Today's managers are frequently overwhelmed by information. Flat organizations and ever cheaper information technology have resulted in a torrent of data. The challenge is not getting enough information, but sorting through it all to find the proverbial needle-in-a-haystack.
What if you could identify early warning signs by monitoring only a few key pieces of information? Rather than trying to measure everything - often just because it can be measured - focus on a few critical things that act as a red-flag for potential problems. For example, when visiting a factory for the first time I find it helpful to keep an eye on housekeeping, which is frequently a good early warning indicator for maintenance effectiveness.
As Dan and Chip Heath write, your source of data doesn't need to be high tech or numerical. Consider the rock band Van Halen. In its heyday, the band became notorious for a clause in its touring contract that demanded a bowl of M&Ms backstage, but with the brown ones removed. The story is true - confirmed by former lead singer Dave Lee Roth himself - and it became the perfect, appalling symbol of rock-star-diva behavior.

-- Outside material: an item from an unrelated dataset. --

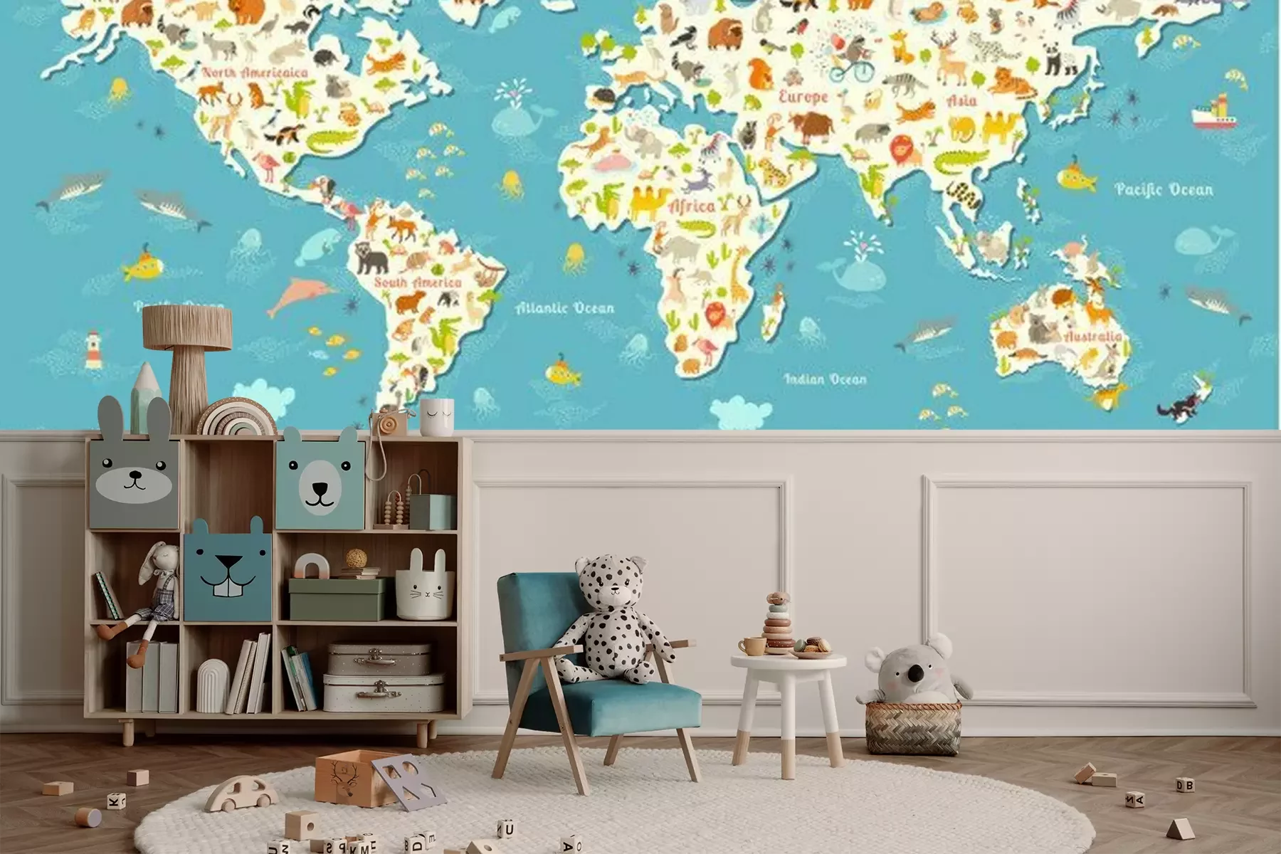 Een wereldkaart in stripstijl voor kinderenProbleemloze bezorging verzorgd door vertrouwde vervoerders

Get ready to reverse your perception. Van Halen did dozens of shows every year, and at each venue, the band would show up with nine 18-wheelers full of gear. Because of the technical complexity of staging a show, the band's standard contract with venues was thick and convoluted with many clauses. Van Halen buried a special clause in the middle of the contract. It read, "There will be no brown M&Ms in the backstage area, upon pain of forfeiture of the show, with full compensation." So when Roth would arrive at a new venue, he'd walk backstage and glance at the M&M bowl. If he saw a brown M&M, he'd demand a line check of the entire production. So Roth was no diva, he was an operations expert. He couldn't spend hours every night checking every detail. He needed a way to quickly assess whether the stagehands at each venue were paying attention - whether they had read each line of the contract and taken it seriously.
Ask yourself, what are the brown M&Ms in your business?